### [YOUR GOAL]
Leaving out all pictures, copy the lines below exactly, from the line with "sidewalk alley in" to the last line, both ends included.

### [MATERIAL PROVIDED]
»»
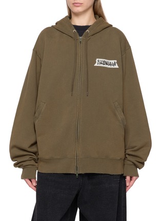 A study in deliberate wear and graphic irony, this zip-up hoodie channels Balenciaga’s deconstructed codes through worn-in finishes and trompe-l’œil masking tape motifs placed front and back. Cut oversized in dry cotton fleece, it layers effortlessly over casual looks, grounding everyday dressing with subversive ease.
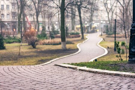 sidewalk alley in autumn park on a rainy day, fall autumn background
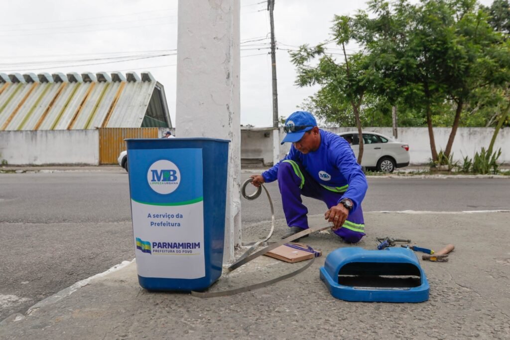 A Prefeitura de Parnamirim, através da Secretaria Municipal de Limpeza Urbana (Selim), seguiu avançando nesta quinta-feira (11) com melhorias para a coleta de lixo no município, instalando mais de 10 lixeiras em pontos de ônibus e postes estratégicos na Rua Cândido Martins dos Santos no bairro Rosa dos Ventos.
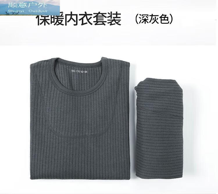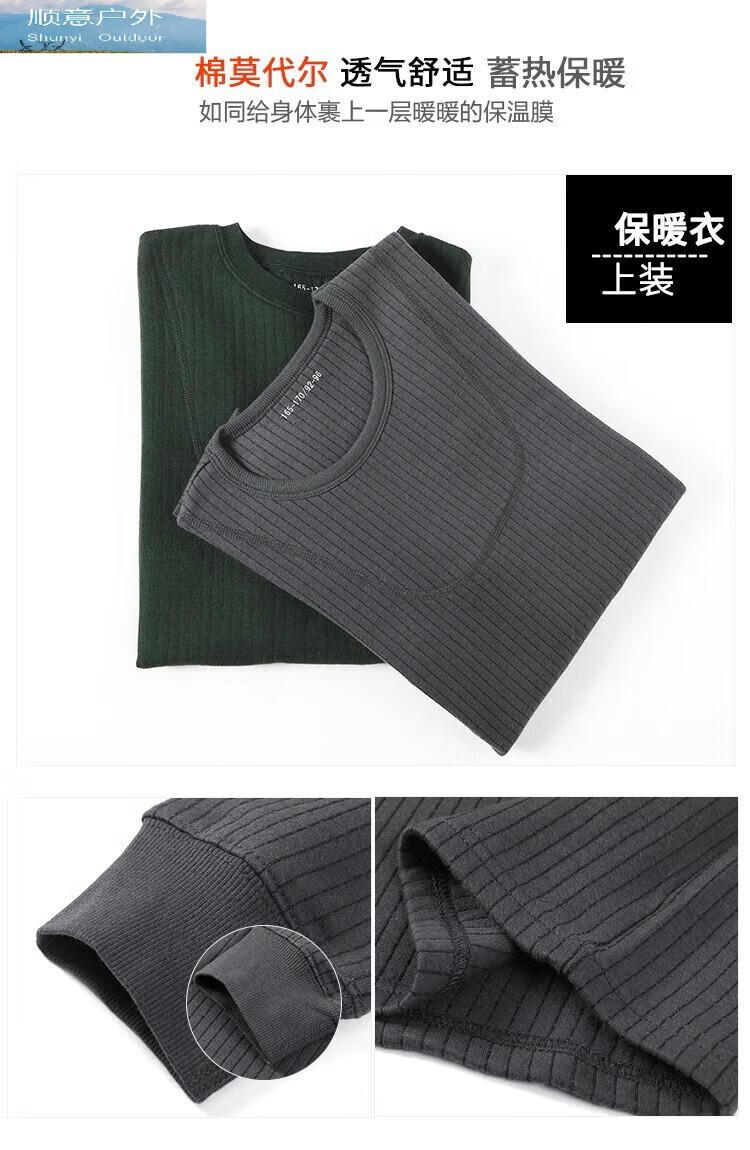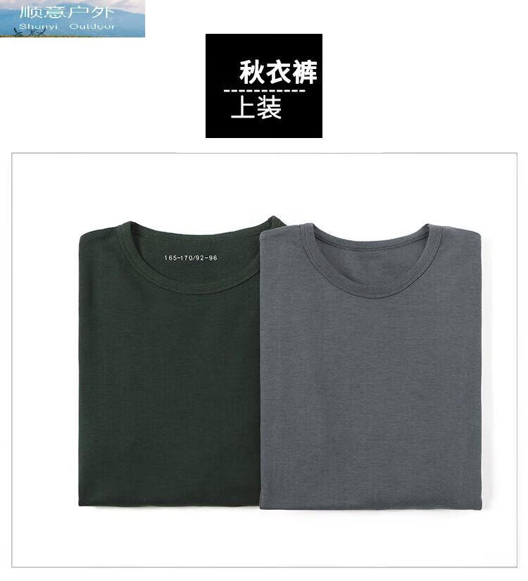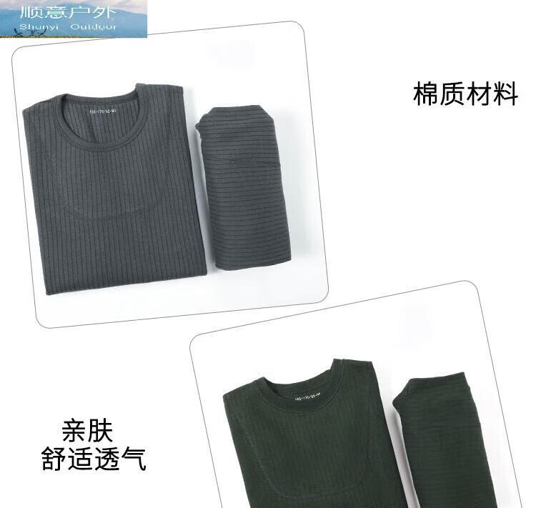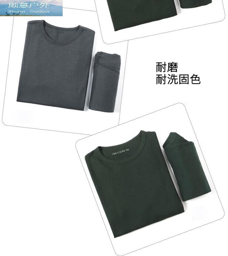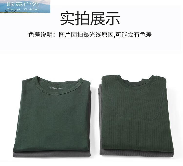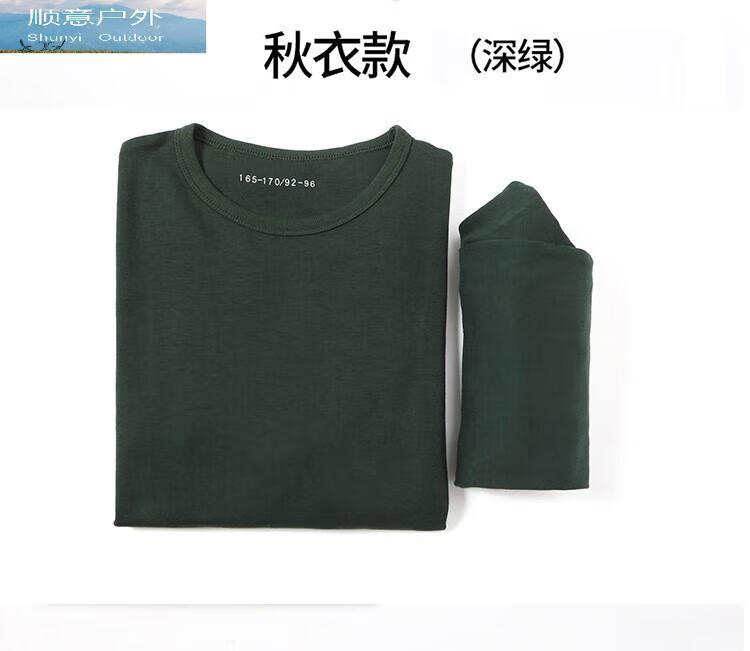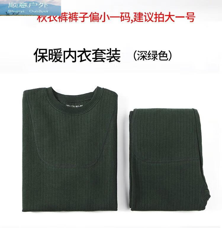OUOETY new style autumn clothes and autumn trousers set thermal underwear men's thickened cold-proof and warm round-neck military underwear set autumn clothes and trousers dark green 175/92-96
««
### [ANSWER BELOW]
 sidewalk alley in autumn park on a rainy day, fall autumn background
 A Prefeitura de Parnamirim, através da Secretaria Municipal de Limpeza Urbana (Selim), seguiu avançando nesta quinta-feira (11) com melhorias para a coleta de lixo no município, instalando mais de 10 lixeiras em pontos de ônibus e postes estratégicos na Rua Cândido Martins dos Santos no bairro Rosa dos Ventos.
OUOETY new style autumn clothes and autumn trousers set thermal underwear men's thickened cold-proof and warm round-neck military underwear set autumn clothes and trousers dark green 175/92-96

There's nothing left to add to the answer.